◆ WHAT THE TASK ASKS
Only the lines from the one containing "本サービスの導入は、まずゲス" through the end of the entries should be returned, exactly as they are, with the pictures omitted.

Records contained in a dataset
----------
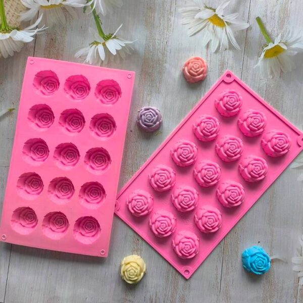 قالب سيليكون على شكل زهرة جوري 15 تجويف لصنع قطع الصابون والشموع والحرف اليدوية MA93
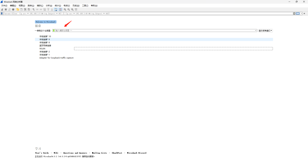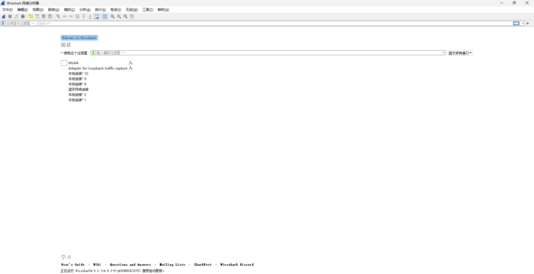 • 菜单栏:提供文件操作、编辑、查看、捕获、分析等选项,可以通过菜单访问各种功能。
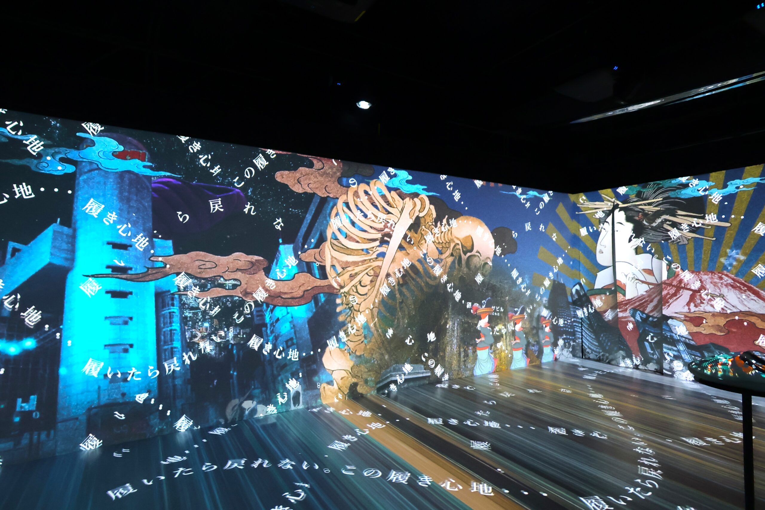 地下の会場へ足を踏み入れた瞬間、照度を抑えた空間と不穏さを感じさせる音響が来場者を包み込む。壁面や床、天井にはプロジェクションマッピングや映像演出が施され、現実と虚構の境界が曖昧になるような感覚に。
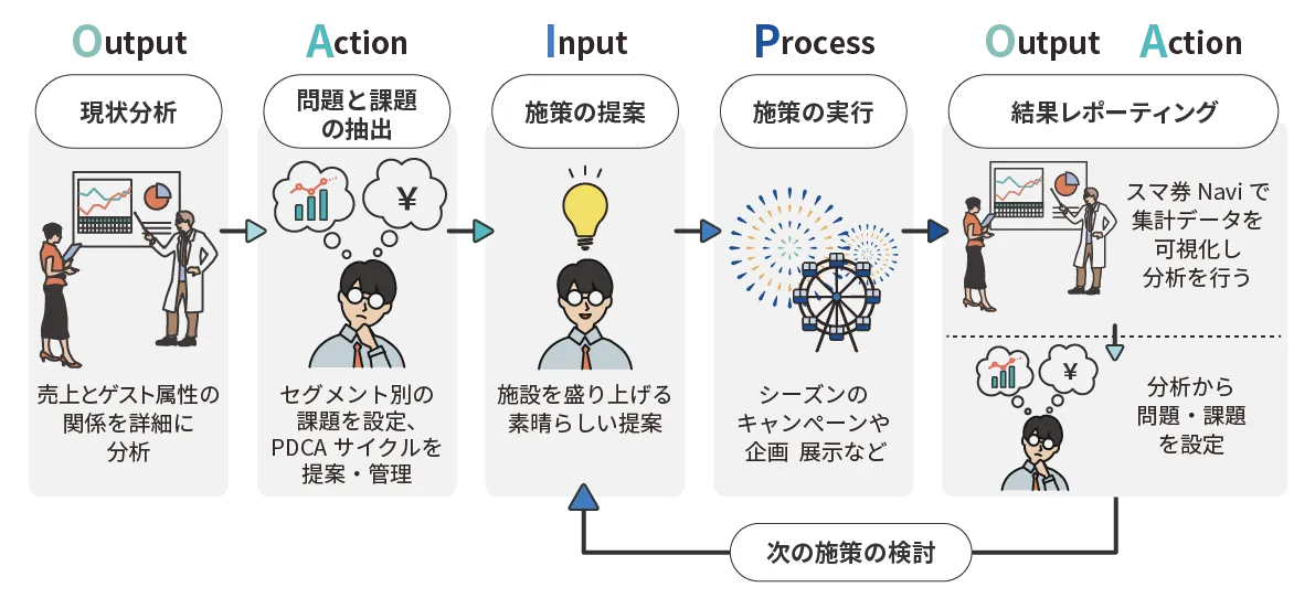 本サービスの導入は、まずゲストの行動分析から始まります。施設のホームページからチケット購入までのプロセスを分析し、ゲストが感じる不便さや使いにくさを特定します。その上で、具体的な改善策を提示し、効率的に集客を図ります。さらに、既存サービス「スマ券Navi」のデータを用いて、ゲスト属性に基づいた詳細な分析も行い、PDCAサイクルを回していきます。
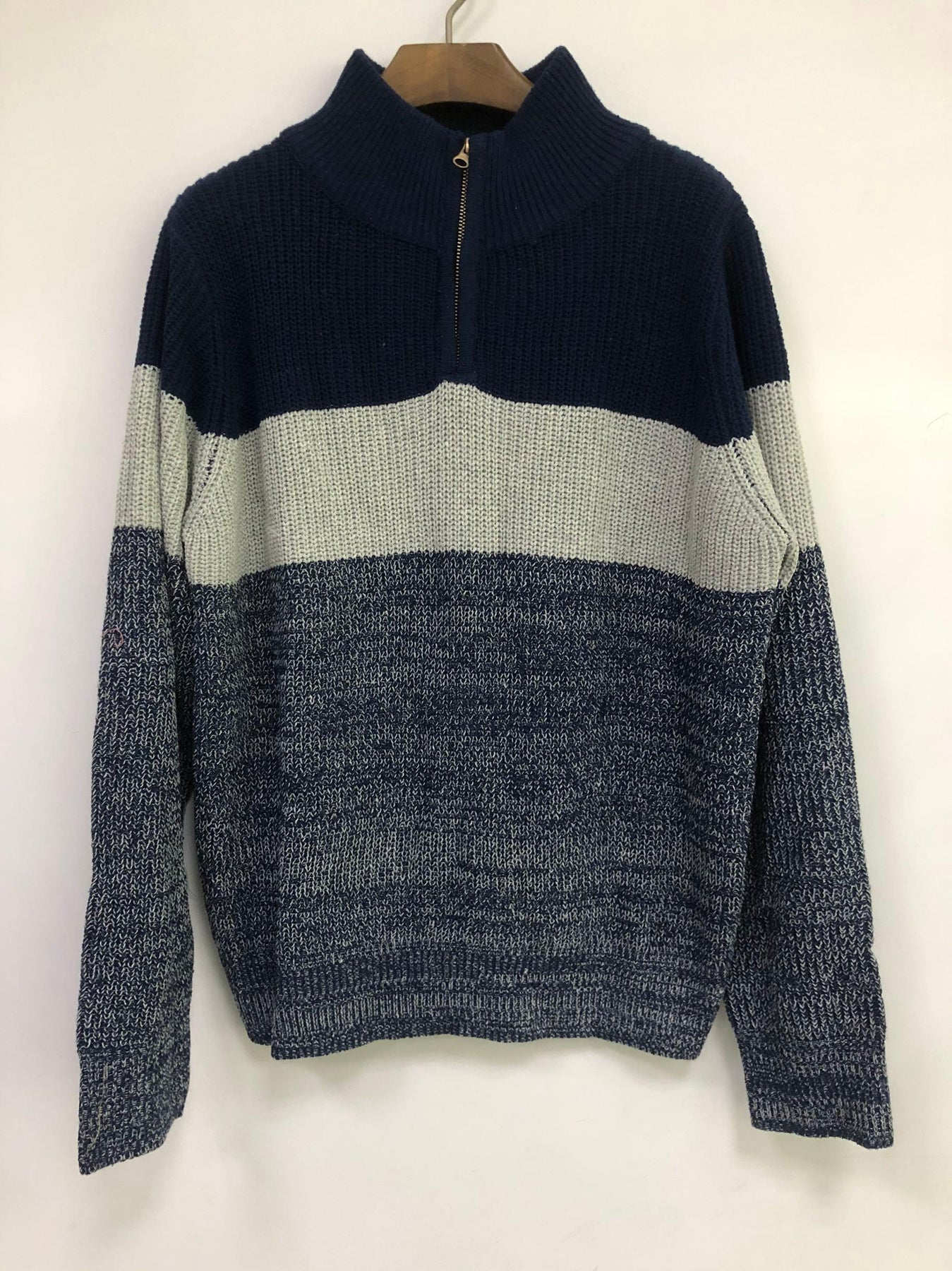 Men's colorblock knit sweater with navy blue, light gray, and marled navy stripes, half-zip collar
----------
◆ SOLUTION FOR THIS PROBLEM
 本サービスの導入は、まずゲストの行動分析から始まります。施設のホームページからチケット購入までのプロセスを分析し、ゲストが感じる不便さや使いにくさを特定します。その上で、具体的な改善策を提示し、効率的に集客を図ります。さらに、既存サービス「スマ券Navi」のデータを用いて、ゲスト属性に基づいた詳細な分析も行い、PDCAサイクルを回していきます。
 Men's colorblock knit sweater with navy blue, light gray, and marled navy stripes, half-zip collar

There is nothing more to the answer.